Jason Robinson ANCESTRAL NUMBERS 1
JASON ROBINSON
ANCESTRAL NUMBERS 1
Playscape Recordings
Jason Robinson, tenor & soprano saxophones/alto flute/composer/arranger; Joshua White, piano; Drew Gress, bass; Ches Smith, drums/glockenspiel; Michael Dessen, trombone.
Woodwind player, Jason Robinson asked the question, “What does ancestry sound like?” The answer to his self-imposed question became this album. The project is called “Ancestral Numbers 1” and became a sound meditation project reflecting his family history and genealogy. Robinson’s plan is to release two volumes of music reflecting his ancestry in 2024. This is the first volume.
“I’m fascinated by the way that we sonify stories in the jazz tradition. To paraphrase Charlie Parker, if you don’t live an experience, it won’t come out of your horn. So, it felt like a natural turn to take all the storytelling approaches that I’ve been working on over the years and think about ancestry through that lens,” Jason Robinson explained.
Robinson is a critically acclaimed composer and scholar who has dabbled in popular music, experimental music, electronic music, and jazz. On the very first tune of his latest album release called, Second House” you can hear the various mediums and genres mixed like a musical soup. Robinson lays a funk foundation, like a roux, spicing it up with horn harmonies and Joshua White’s piano echoing the repetitive melodic line, then scurrying across the keys with broken arpeggios. Experimental music rises like steam from the pot. Chez Smith is the giant wooden spoon that stirs the brew with his drums.

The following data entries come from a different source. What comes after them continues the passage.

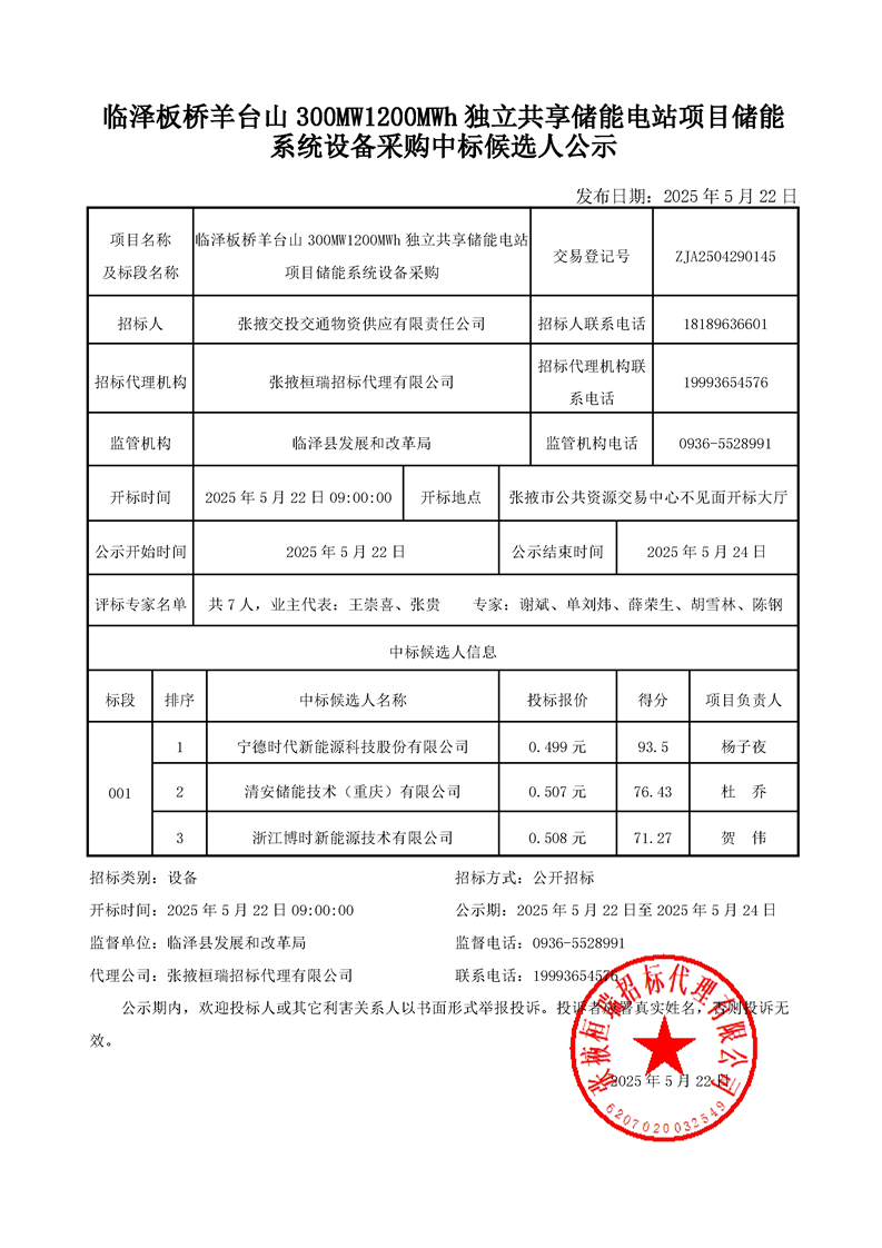 中國儲(chǔ)能網(wǎng)訊:5月22日,甘肅張掖市臨澤板橋羊臺(tái)山300MW/1200MWh獨(dú)立共享儲(chǔ)能電站項(xiàng)目儲(chǔ)能系統(tǒng)設(shè)備采購中標(biāo)候選人公示。公告顯示,寧德時(shí)代以投標(biāo)報(bào)價(jià)0.499元/Wh為第一中標(biāo)候選人預(yù)中標(biāo)。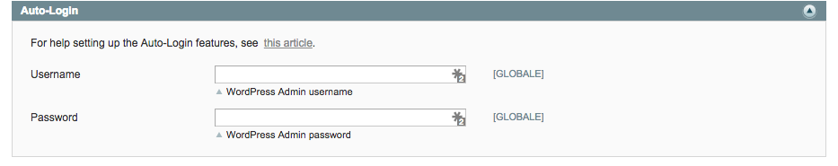 Dobbiamo solo impostare l’Auto Login. Questo non è fondamentale ma è molto utile in quanto ti permette di accedere a WordPress automaticamente quando entri in Magento, senza avere due pagine di admin separate.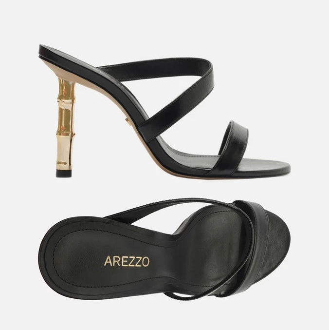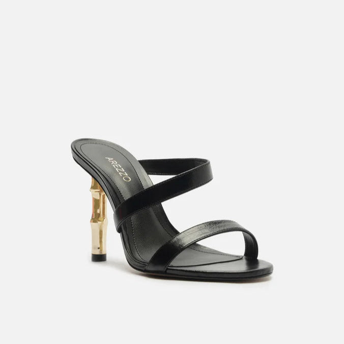 Sandália Arezzo Couro Tiras Salto Bamboo Metal A135180002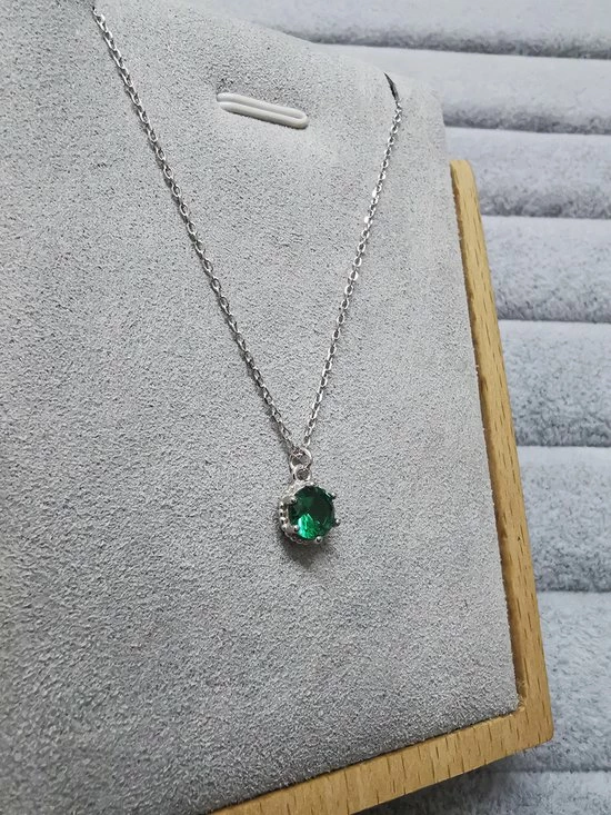 – Lengte 45cm + 5cm- 925 Zilver- Ingelegd met een smaragdkleurige steen

Track #2 is titled “Malachi” and tip toes on the scene like a child creeping into his parent’s bedroom in the wee small hours of the morning. The horns mimic car alarms outside the bedroom window. Drew Gress uses his bow to coach tones from his double bass and sing his own unique song. The trombone and saxophone have a spirited conversation while the other instruments lay-out. Robinson takes an extensive solo on his tenor saxophone, exploring the entire range of the instrument. For a while, only Jason Robinson solos with Smith on drums. Each one spurs the other forward. Robinson’s technique of what I call dribbling the tone is unique. He blows into his horn, tempering the tone with a technique that sounds like a baby blowing spit bubbles from innocent lips.
On “Potentiality” Robinson steps into Straight-ahead mode. His solo is dynamic and interesting. I’m not crazy about the repetition he uses in every song, sometimes getting stuck on a cadenza or phrase that repeats over and over again. However, on his composition “Potentiality,” he displays more imagination, along with a certain jazzy excitement, climbing chromatically up the scale, and at the end, coming to an abrupt halt.
Jason Robinson offers us his life, viewed from a musical perspective, meant to represent the people and personalities in his family tree. He’s sharing musical stories of those who have genealogically influenced him and the musician he has come to be.